愛用の枕に頬をすり寄せる。干したばかりのお日様の匂いが彼女の身体を侵食していく。昔彼が『幸せを感じる瞬間だ』と言ってたこの匂いは、今まさしく名無しに幸せを与えているのか。
『サッチが呼んでたぞ』
エースがベッド側に立って名無し、と呼びかけると、名無しが鈍重な動きで仰向きになって、片目だけ開けてエースに視線を向けた。彼女は彼のそばかすあたりをじっと眺めて、もう今日は閉店です、と言った風に、いかにも怠そうに口を開く。
『私は居ないと伝えて』
『今日当番だろ?』
『…何でこんなに暑いの』
『この部屋は極寒だけどな。何度に設定してんだよ』
エースがキョロキョロと部屋を探す。名無しが起き上がろうともせずに彼の目的の物を指差すと、エースは困った風に笑ってエアコンのリモコンを雑に取った。そして表示された数字に眉を寄せる。
『18度?』
『暑いんだもん』
『じゃあ何で毛布被ってんだよ』
『これがこの気候の醍醐味なの』
『…次の島に上陸しそうなんだってよ』
『え〜やだよ。この部屋から出たくない』
意地でも動く気配の無い名無しに、エースはハア、とため息をつく。こうなった彼女は死んでも動かない事を彼は長年の付き合いでよく知っている。仕方がない、サッチに言って代わりに俺が当番やるか、と踵を返した。が、それは叶わなかった。
『…動けねーんだけど』
毛布の隙間からにょきっと生えているのは、白くて細い腕。そしてその矛先はエースのズボンの裾へと伸ばされている。正直に言うと、エースが少し本気を出せば軽くあしらえるものであったが、その気のないエースはくつっと口の中で笑うと、ベッド脇に座る。
『寂しいのか?』
『違います』
口ではそうは言ってるか、ゴソゴソと人一人分のスペースを空けて、向こう側にそっぽを向く彼女にエースは今度こそ声を出して笑う。

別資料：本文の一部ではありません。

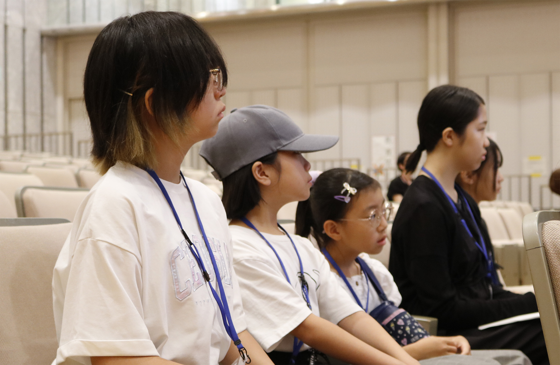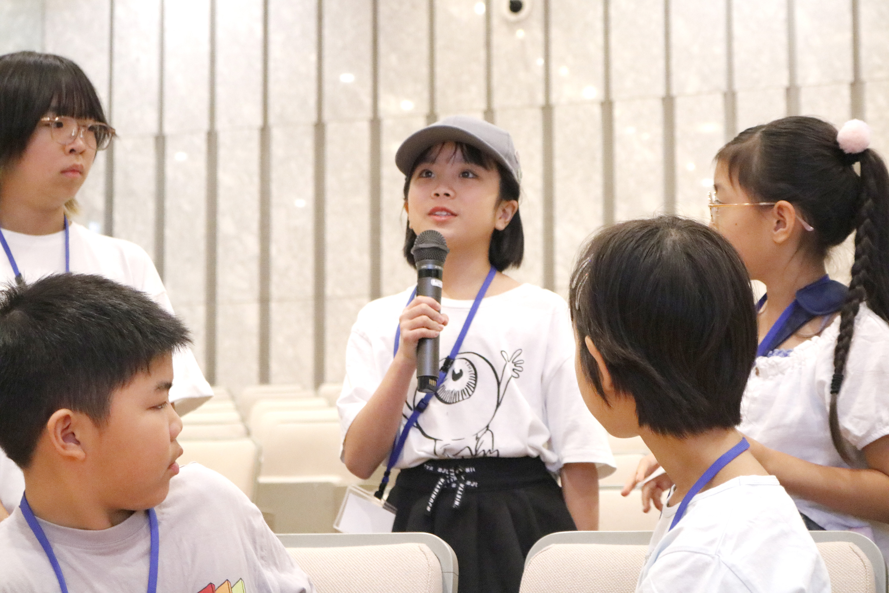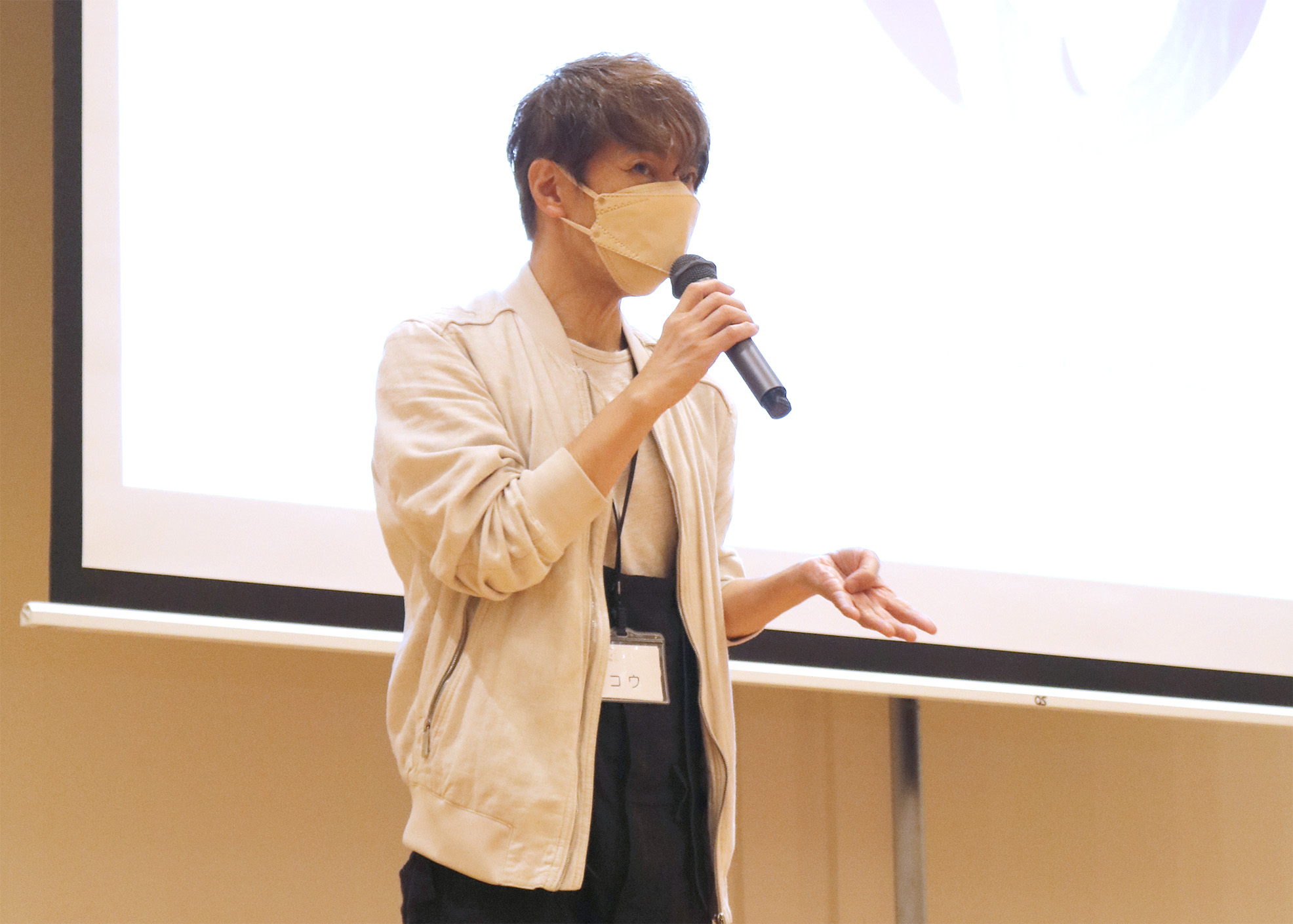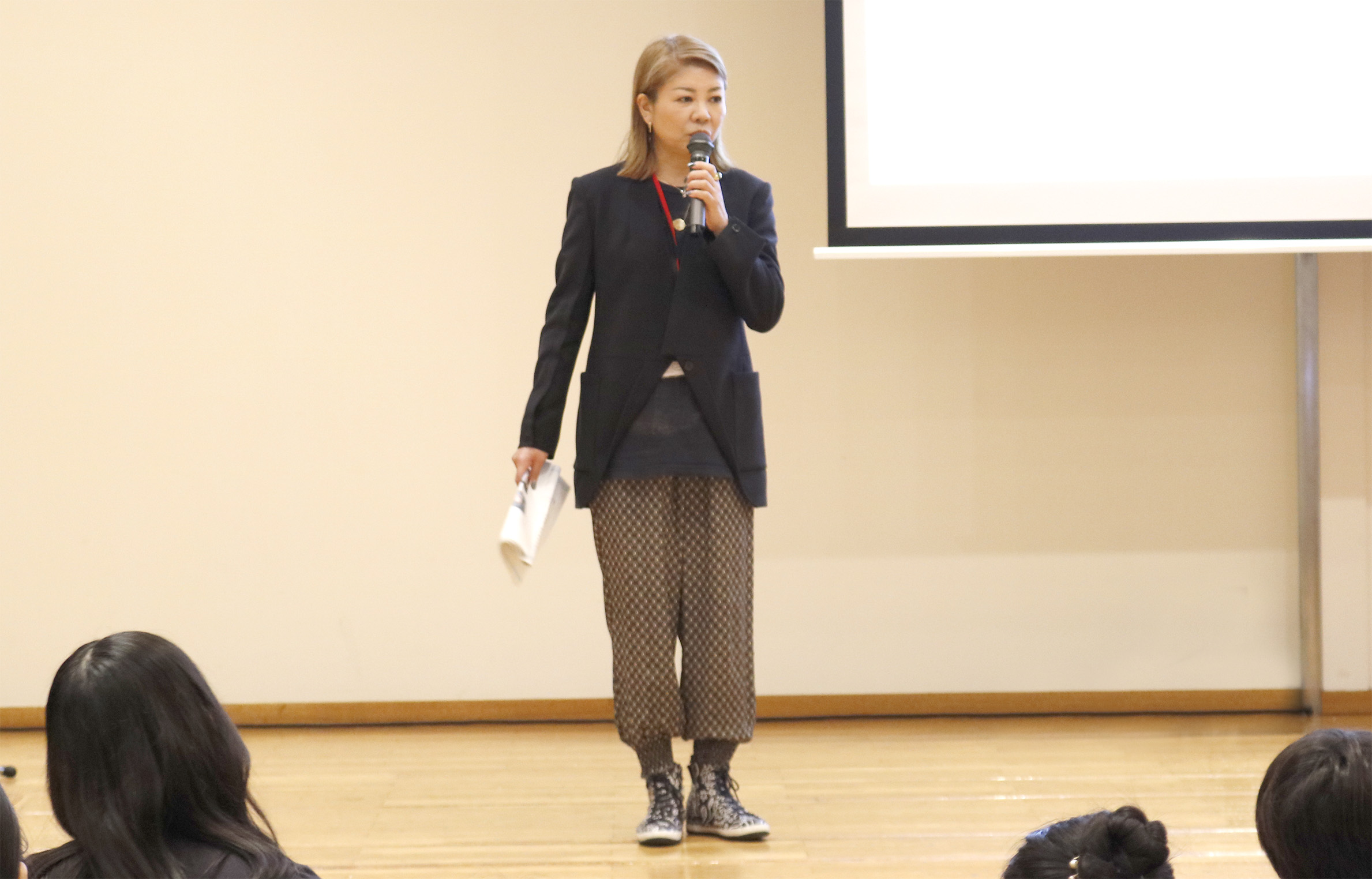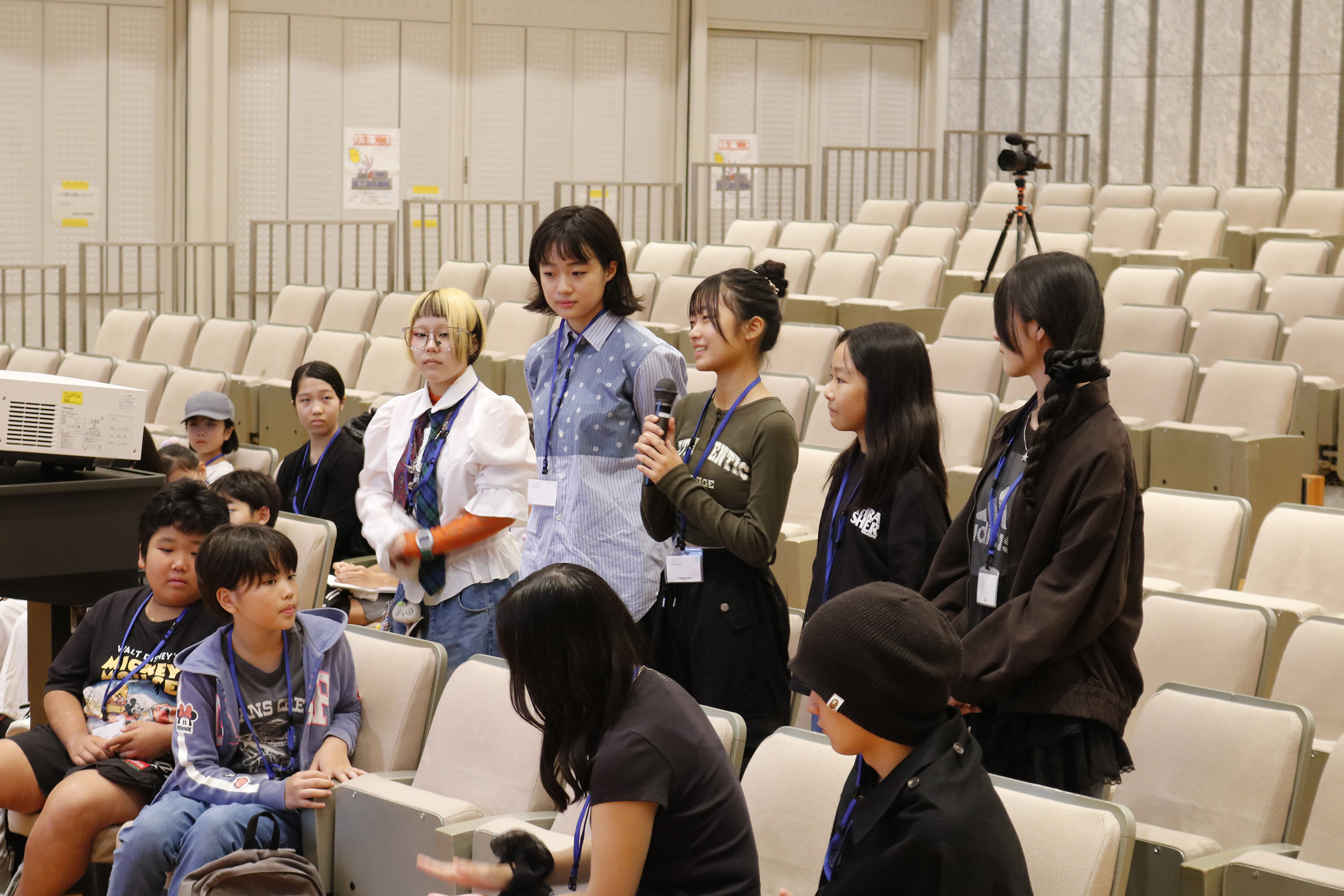 コレクション動画の後は、イベントプロデューサー半田誠先生、写真家のZIGEN先生、映像クリエイターの桑野徹先生、スタイリストの藤崎コウイチ先生、ヘアメイクの鈴木節子先生と原田忠先生が、それぞれ自己紹介とご挨拶。そしてご自身の担当コース参加者に呼びかけて立ち上がってもらい、参加者もそれぞれ自己紹介。たくさんの大人もいる大勢の目の前で、みんなハキハキと自分の名前やこのプログラムに参加した理由や動機を話してくれました。

そして素直に彼女のご要望にお応えする事に決めて、毛布の隙間から入り込んだ。
『…暑い』
自分から入れと言ったくせに、天邪鬼なことを言う彼女の出てけと言わんばかりの声のトーンにエースは動じることもなく、逆に体を寄せて名無しの隙間を埋める。
『そりゃあ、火だからな』
名無しの頸にかかる髪をかき分けて、そうして傷のない綺麗な彼女の頸に触れるだけのキスを送る。